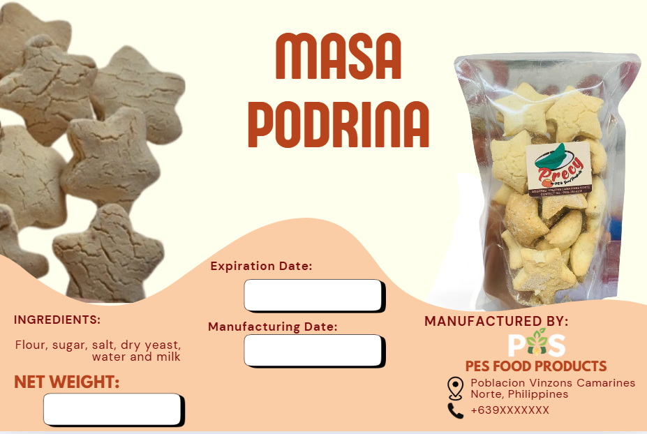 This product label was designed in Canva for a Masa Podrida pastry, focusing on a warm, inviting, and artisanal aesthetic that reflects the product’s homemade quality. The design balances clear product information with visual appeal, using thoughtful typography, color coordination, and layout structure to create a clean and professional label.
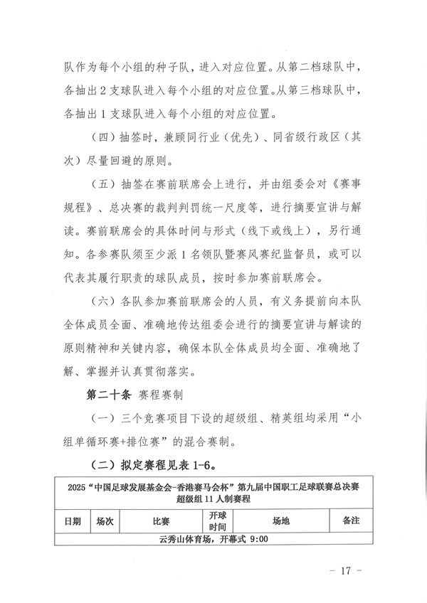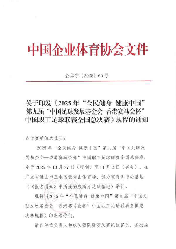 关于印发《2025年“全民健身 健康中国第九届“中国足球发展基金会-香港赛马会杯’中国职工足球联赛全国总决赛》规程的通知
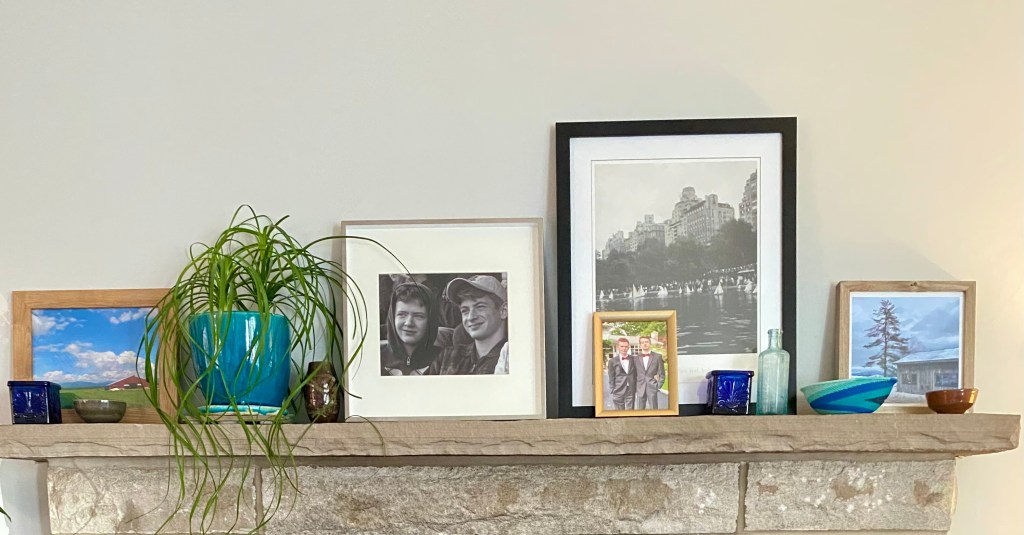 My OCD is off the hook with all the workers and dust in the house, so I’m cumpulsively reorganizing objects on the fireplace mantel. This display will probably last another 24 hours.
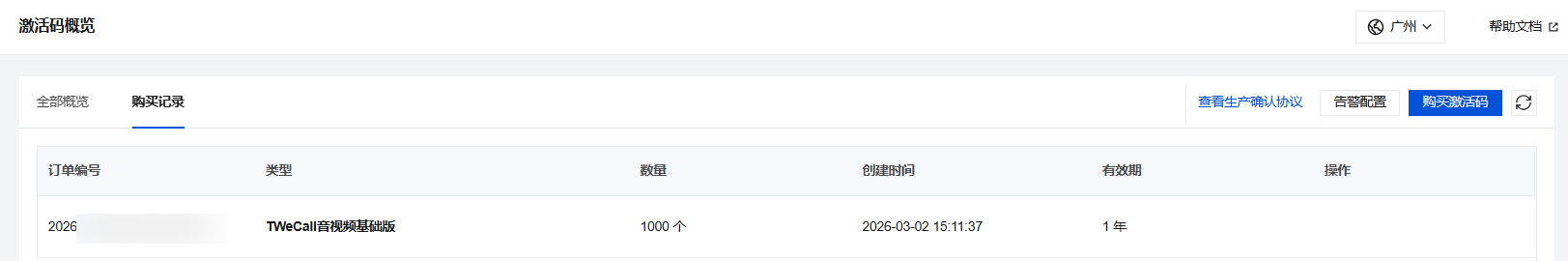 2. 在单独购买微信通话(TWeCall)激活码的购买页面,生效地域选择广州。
..............................
▶ _Problem requirements_
Beginning with the line containing "My OCD is off" and ending with the last line of the data above, repeat each line exactly. Include no pictures and no other lines.

▶ _Solution_
 My OCD is off the hook with all the workers and dust in the house, so I’m cumpulsively reorganizing objects on the fireplace mantel. This display will probably last another 24 hours.
 2. 在单独购买微信通话(TWeCall)激活码的购买页面,生效地域选择广州。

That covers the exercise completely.